Dr. Sam Parnia's concept of 'Actual Death Experiences' (ADEs), published in his 2013 book Erasing Death, reframes NDEs as experiences that occur during actual death rather than 'near' death. Parnia argues that modern resuscitation has blurred the line between life and death — patients who would have been considered dead a generation ago are now routinely revived, sometimes after extended periods of cardiac arrest. The experiences they report during this period are not 'near' death; they are death. For physicians in Madikeri who perform CPR and manage cardiac arrest, Parnia's reframing has practical significance: the patient on the table may be experiencing something profound even while their heart is stopped and their EEG is flat. This understanding may change how resuscitation teams communicate in the room, recognizing that the patient may be aware of everything being said.

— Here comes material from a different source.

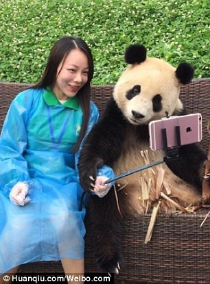 Một chú gấu trúc ở Thành Đô (Trung Quốc) đã bất ngờ trở thành tâm điểm chú ý của truyền thông nước này sau khi những bức ảnh tự sướng của chú và một nữ du khách được lan truyền trên mạng xã hội.

Madikeri's senior population, including residents of assisted living facilities and nursing homes, may find particular comfort in the near-death experience accounts documented in Physicians' Untold Stories. For older adults who are contemplating their own mortality, learning that cardiac arrest survivors consistently report experiences of peace, beauty, and reunion with deceased loved ones can transform the prospect of death from something feared to something approached with calm anticipation. Senior wellness programs, book clubs, and spiritual care groups in Madikeri can use the book as a catalyst for conversations about death that are honest, hope-filled, and deeply meaningful.

How This Book Can Help You
For rural physicians near Madikeri, Karnataka who practice alone or in small groups, this book provides something urban doctors take for granted: professional companionship. The solo practitioner who's seen something inexplicable in a farmhouse bedroom at 2 AM has no grand rounds to present at, no colleague down the hall to confide in. This book is the colleague, the grand rounds, the reassurance that they're not alone.


About the Author
Dr. Scott J. Kolbaba, MD is an internist at Northwestern Medicine. Mayo Clinic trained, he spent three years interviewing 200+ physicians about their most extraordinary experiences.
Medical Fact
Your heart pumps blood through your body with enough force to create a blood pressure of 120/80 mmHg at rest.